TASK DIRECTIONS: Range to repeat from the listing below: the line containing "- cinch waist" down to the line containing "- Plants - Devil’s", both included. Copy it exactly, pictures excluded, and add nothing else.

RAW DATA:

== Segment start ==

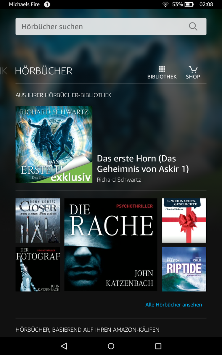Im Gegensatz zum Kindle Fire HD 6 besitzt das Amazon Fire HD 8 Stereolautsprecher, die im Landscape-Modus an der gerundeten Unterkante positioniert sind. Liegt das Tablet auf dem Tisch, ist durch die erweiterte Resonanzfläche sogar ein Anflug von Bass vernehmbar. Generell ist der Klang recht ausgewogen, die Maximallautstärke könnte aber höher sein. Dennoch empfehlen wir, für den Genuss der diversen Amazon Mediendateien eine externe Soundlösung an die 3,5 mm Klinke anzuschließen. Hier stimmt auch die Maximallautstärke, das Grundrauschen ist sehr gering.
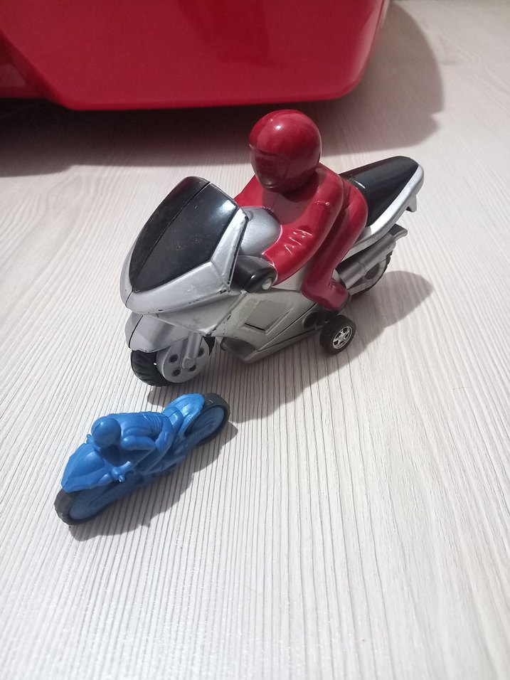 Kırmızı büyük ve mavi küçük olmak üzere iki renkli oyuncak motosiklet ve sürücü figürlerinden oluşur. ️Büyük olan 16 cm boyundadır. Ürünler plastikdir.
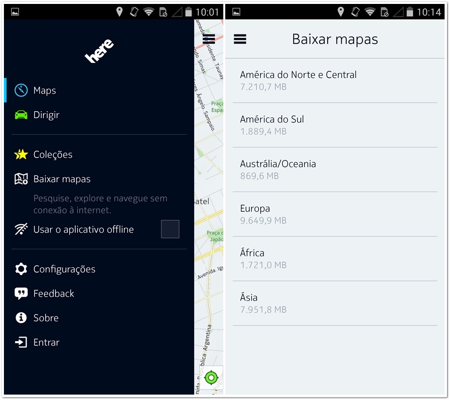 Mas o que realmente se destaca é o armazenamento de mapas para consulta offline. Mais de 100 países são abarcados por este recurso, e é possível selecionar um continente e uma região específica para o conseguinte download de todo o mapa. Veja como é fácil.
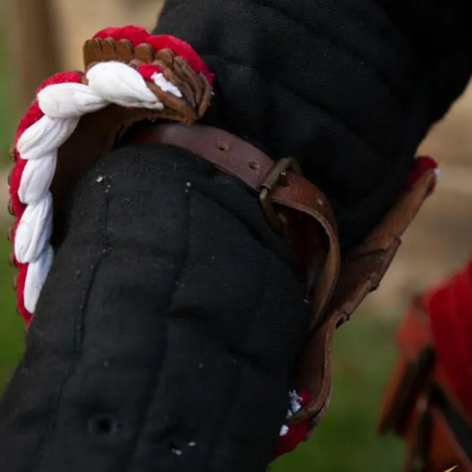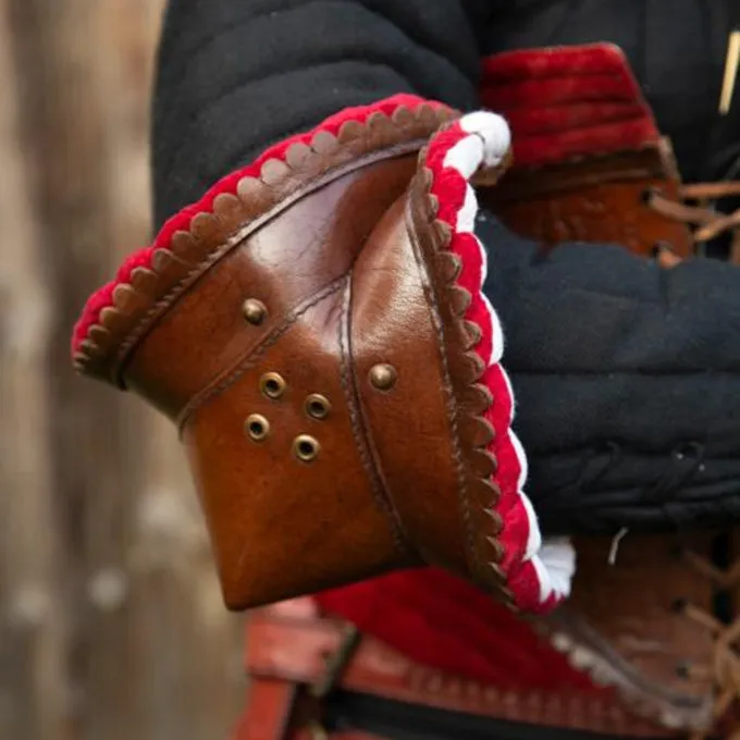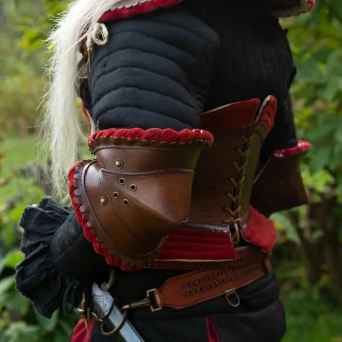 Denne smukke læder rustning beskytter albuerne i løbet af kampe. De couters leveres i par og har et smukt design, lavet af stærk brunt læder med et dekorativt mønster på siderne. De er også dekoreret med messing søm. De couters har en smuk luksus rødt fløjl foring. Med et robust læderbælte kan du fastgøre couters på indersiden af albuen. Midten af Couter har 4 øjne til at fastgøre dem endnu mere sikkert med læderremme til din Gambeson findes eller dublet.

== Segment end ==
== Segment start ==

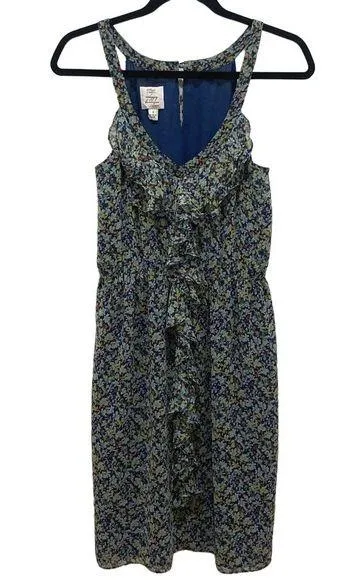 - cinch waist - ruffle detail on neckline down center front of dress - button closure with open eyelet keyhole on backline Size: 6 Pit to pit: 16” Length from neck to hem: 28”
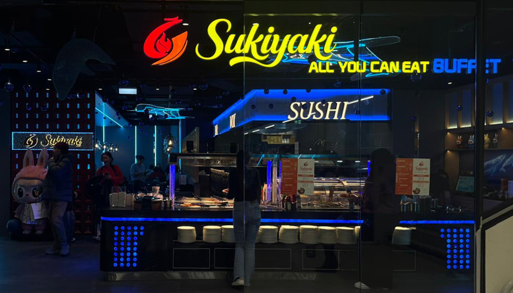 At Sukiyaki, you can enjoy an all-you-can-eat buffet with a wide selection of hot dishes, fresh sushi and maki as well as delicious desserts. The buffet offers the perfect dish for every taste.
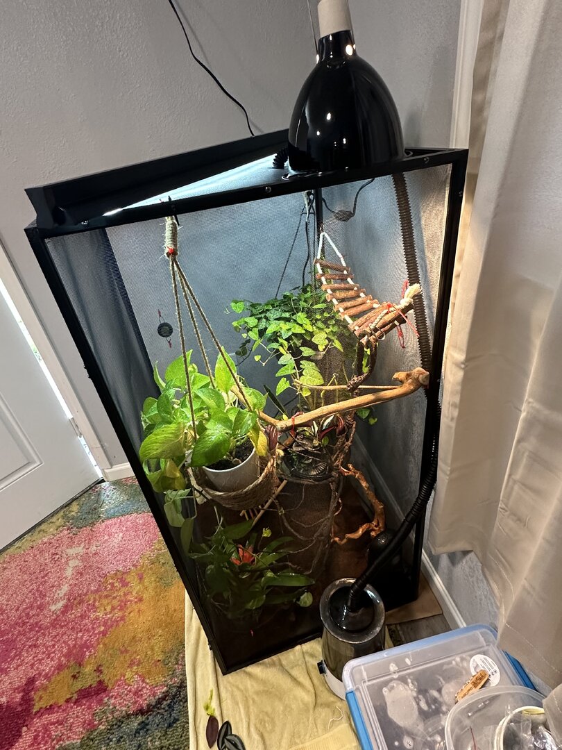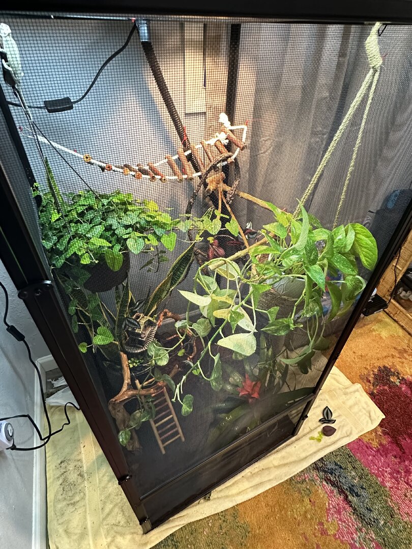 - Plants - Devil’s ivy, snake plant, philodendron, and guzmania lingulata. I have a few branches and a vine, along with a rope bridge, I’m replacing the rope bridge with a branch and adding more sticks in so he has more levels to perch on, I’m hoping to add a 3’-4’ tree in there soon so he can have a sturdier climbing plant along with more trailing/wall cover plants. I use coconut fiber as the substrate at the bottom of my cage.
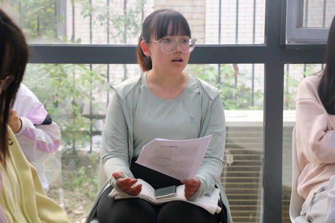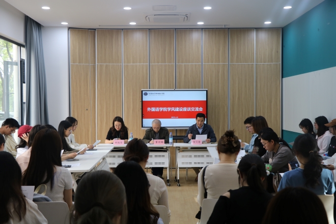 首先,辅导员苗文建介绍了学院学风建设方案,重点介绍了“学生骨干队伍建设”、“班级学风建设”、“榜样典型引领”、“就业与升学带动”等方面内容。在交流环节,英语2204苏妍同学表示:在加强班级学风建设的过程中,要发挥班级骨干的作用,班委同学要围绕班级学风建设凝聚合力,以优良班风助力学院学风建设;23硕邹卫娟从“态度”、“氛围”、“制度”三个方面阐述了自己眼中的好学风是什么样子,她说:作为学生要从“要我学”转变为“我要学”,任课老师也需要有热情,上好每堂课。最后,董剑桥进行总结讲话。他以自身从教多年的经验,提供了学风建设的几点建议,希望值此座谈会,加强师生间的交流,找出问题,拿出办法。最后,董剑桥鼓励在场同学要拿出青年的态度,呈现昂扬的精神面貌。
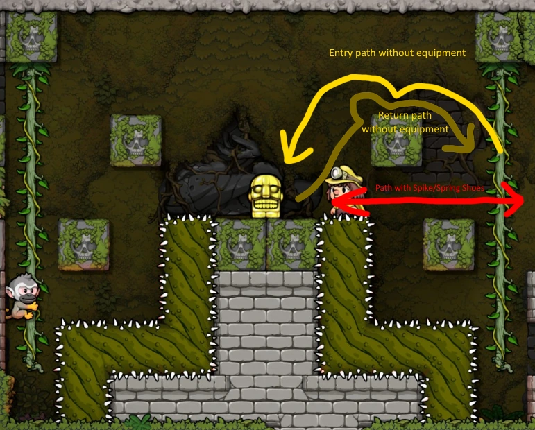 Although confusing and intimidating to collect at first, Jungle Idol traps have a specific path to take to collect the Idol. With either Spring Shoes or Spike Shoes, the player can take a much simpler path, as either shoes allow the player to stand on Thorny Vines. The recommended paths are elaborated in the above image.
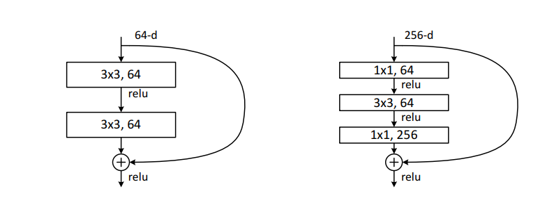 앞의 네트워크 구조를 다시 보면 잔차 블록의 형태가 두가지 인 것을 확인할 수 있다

== Segment end ==
== Segment start ==

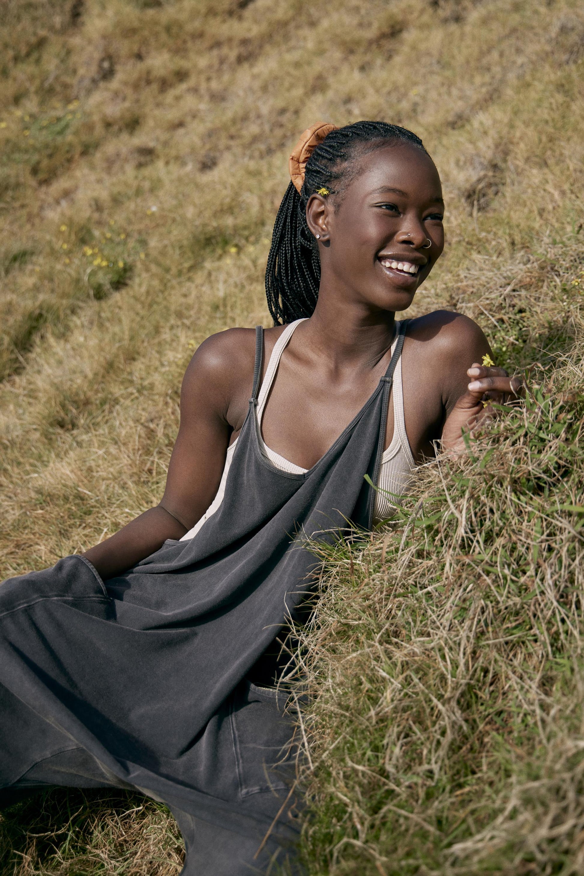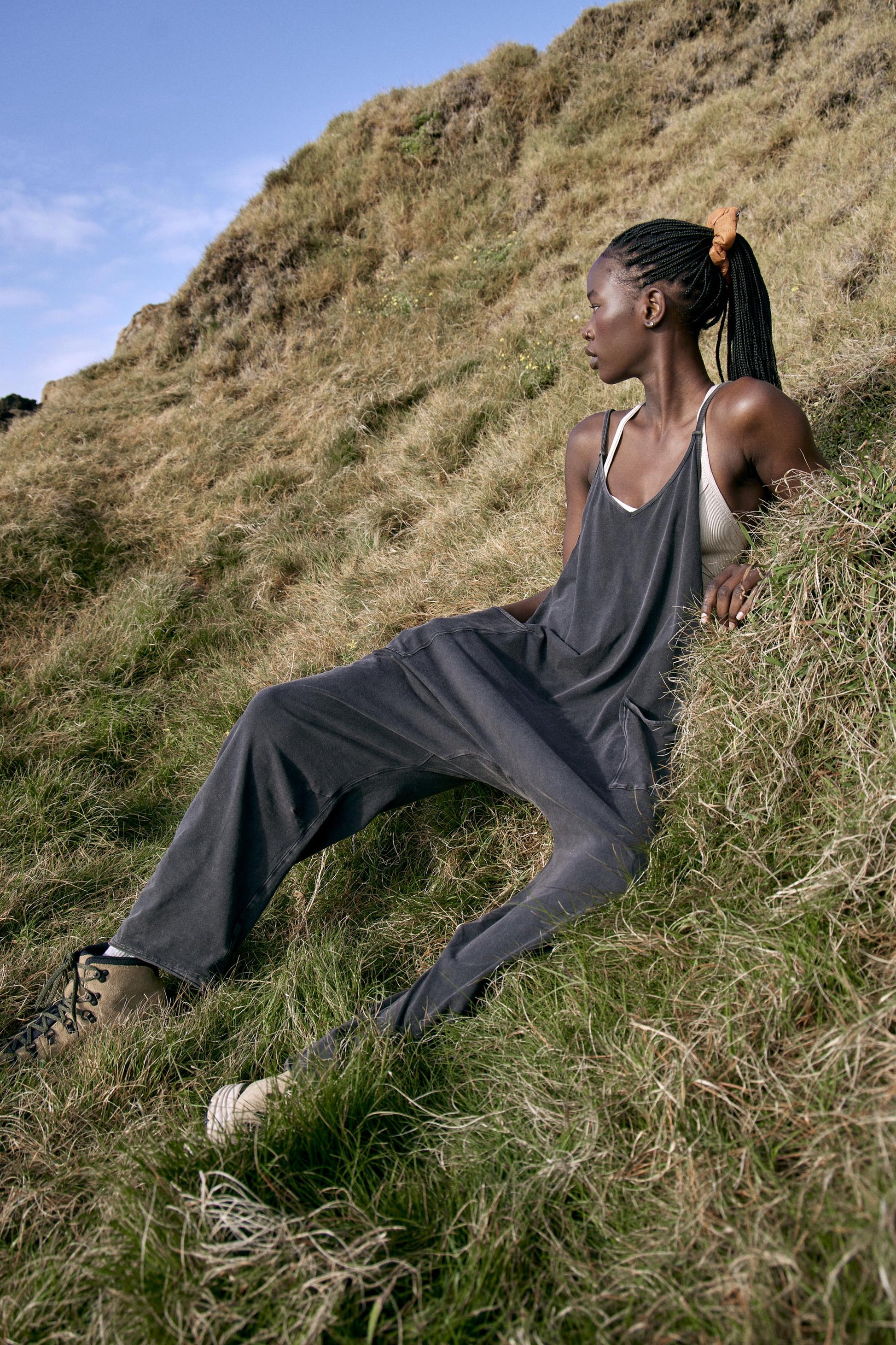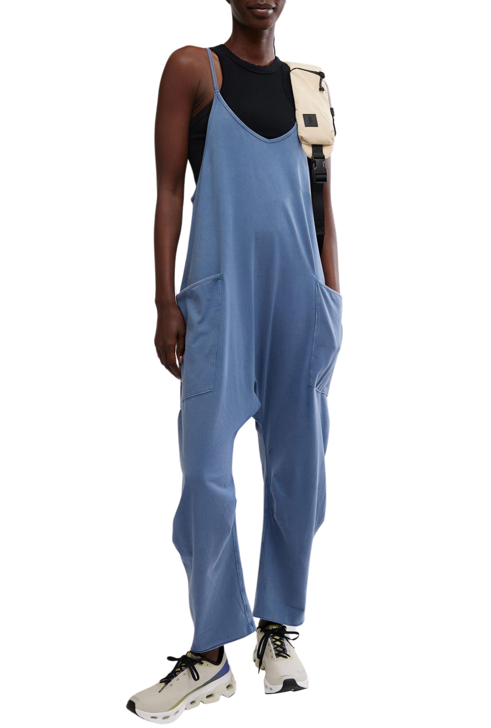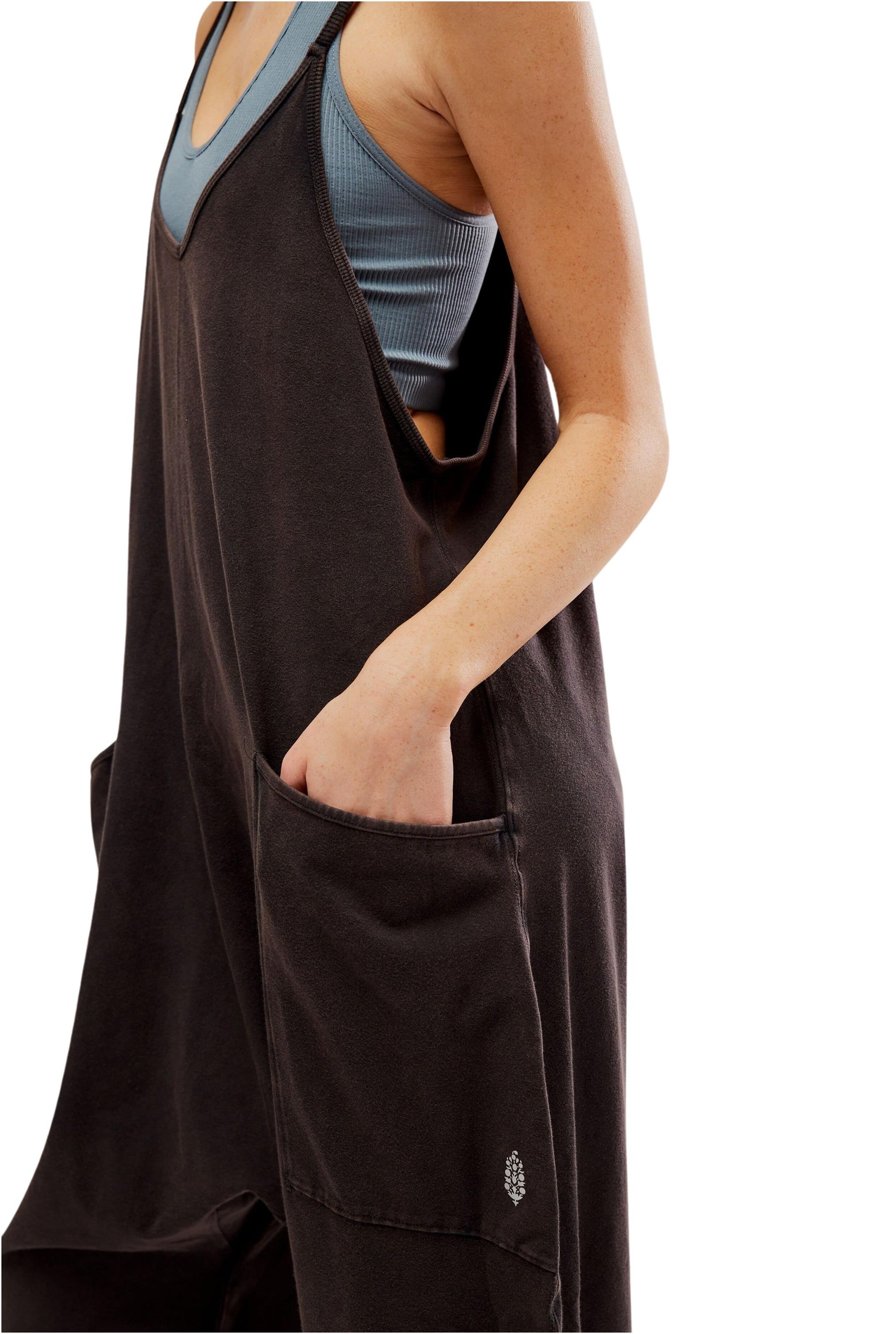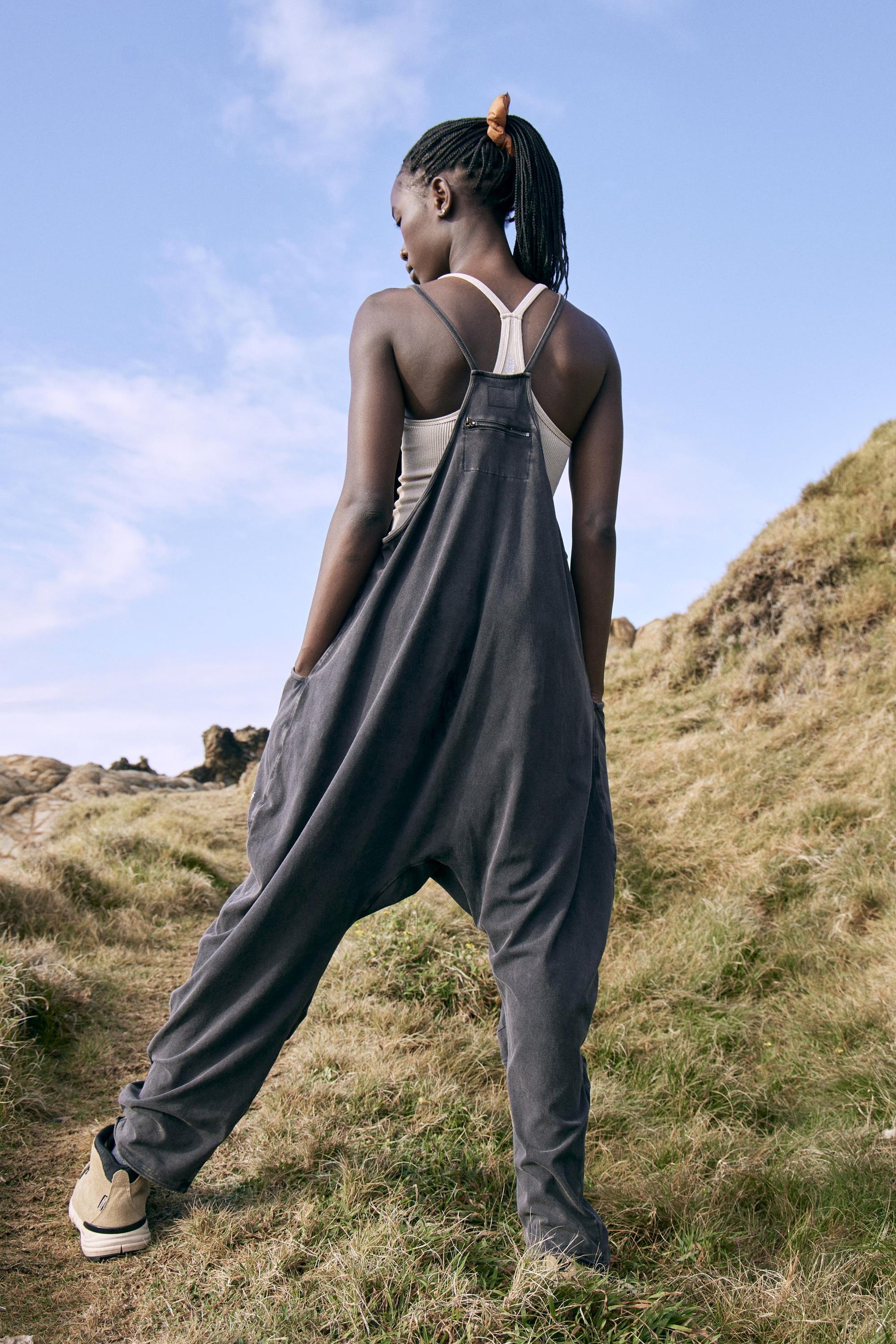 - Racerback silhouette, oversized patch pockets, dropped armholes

== Segment end ==

SOLUTION BELOW:
 - cinch waist - ruffle detail on neckline down center front of dress - button closure with open eyelet keyhole on backline Size: 6 Pit to pit: 16” Length from neck to hem: 28”
 At Sukiyaki, you can enjoy an all-you-can-eat buffet with a wide selection of hot dishes, fresh sushi and maki as well as delicious desserts. The buffet offers the perfect dish for every taste.
 - Plants - Devil’s ivy, snake plant, philodendron, and guzmania lingulata. I have a few branches and a vine, along with a rope bridge, I’m replacing the rope bridge with a branch and adding more sticks in so he has more levels to perch on, I’m hoping to add a 3’-4’ tree in there soon so he can have a sturdier climbing plant along with more trailing/wall cover plants. I use coconut fiber as the substrate at the bottom of my cage.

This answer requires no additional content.